━━ Material provided ━━

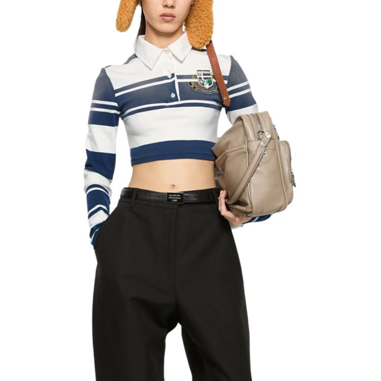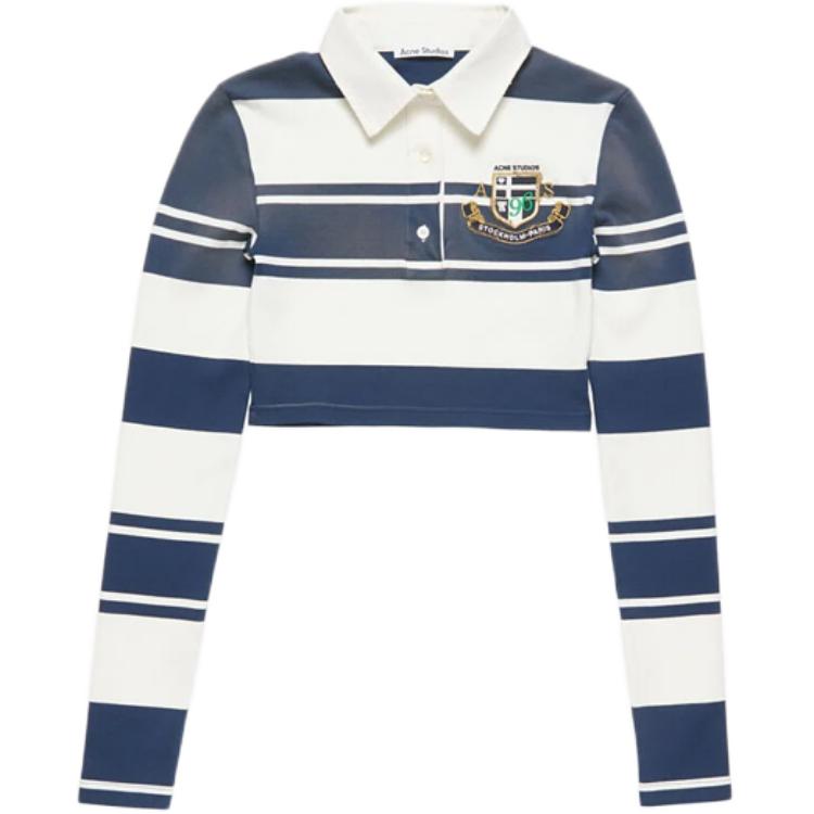 Кроп поло с длинными рукавами Acne Studios, белый/темно-синий 46 128₽
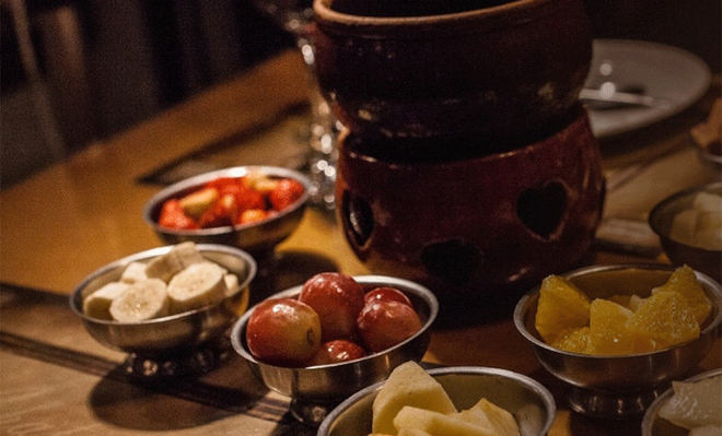 - Na sequência de fondue é cuidadosamente preparada para proporcionar uma experiência inesquecível. Iniciando com um fondue de queijo cremoso e delicioso mais acompanhamentos de batatinha baby, pão, almôndega, polentinha frita, brócolis, cenoura e goiabada.
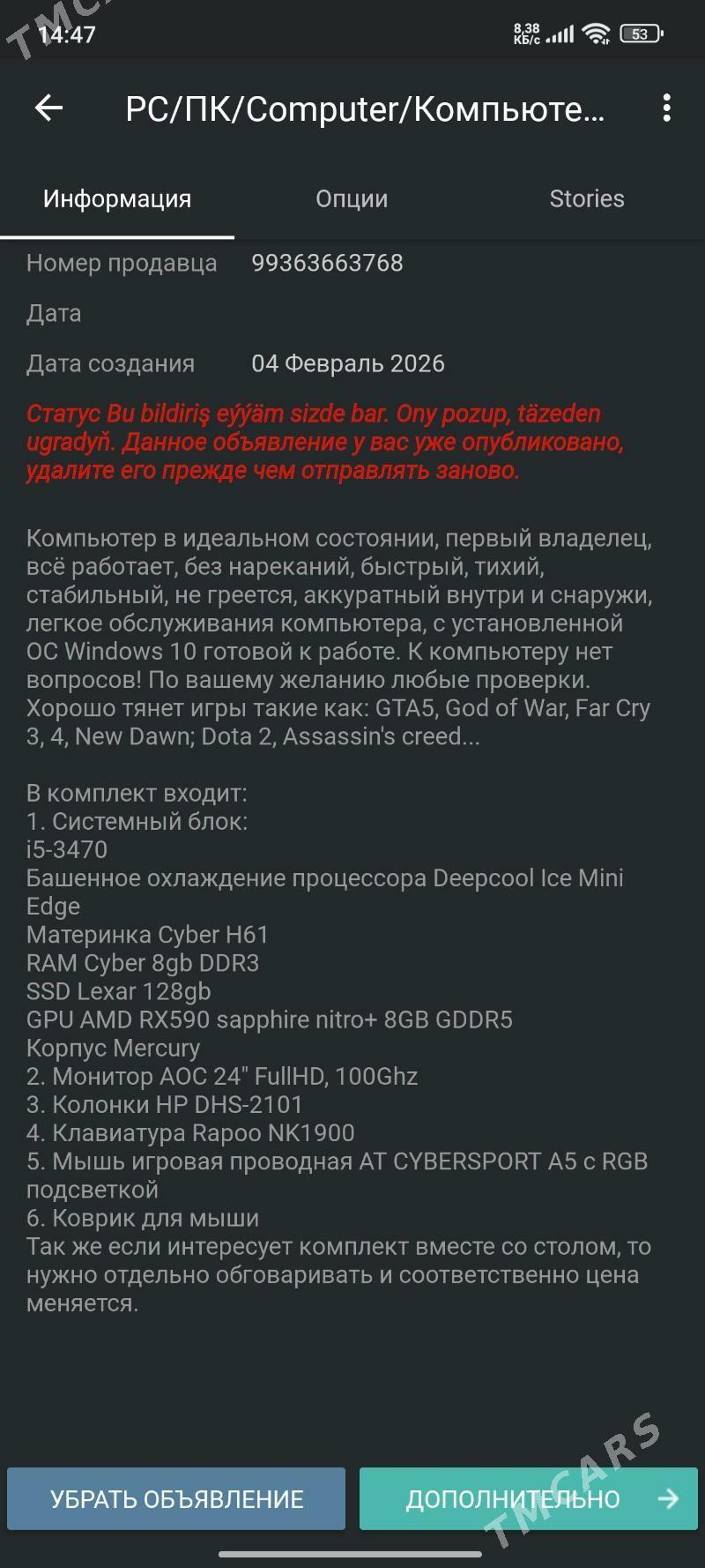 15 sag öňИгровой компьютер (Igrawoy kompyuter): MSI Монитор: GAMEBOOSTER 24"inc...

━━━

Task directions:
Produce a verbatim transcription of every line in the listing, images omitted.

Answer section:
 Кроп поло с длинными рукавами Acne Studios, белый/темно-синий 46 128₽
 - Na sequência de fondue é cuidadosamente preparada para proporcionar uma experiência inesquecível. Iniciando com um fondue de queijo cremoso e delicioso mais acompanhamentos de batatinha baby, pão, almôndega, polentinha frita, brócolis, cenoura e goiabada.
 15 sag öňИгровой компьютер (Igrawoy kompyuter): MSI Монитор: GAMEBOOSTER 24"inc...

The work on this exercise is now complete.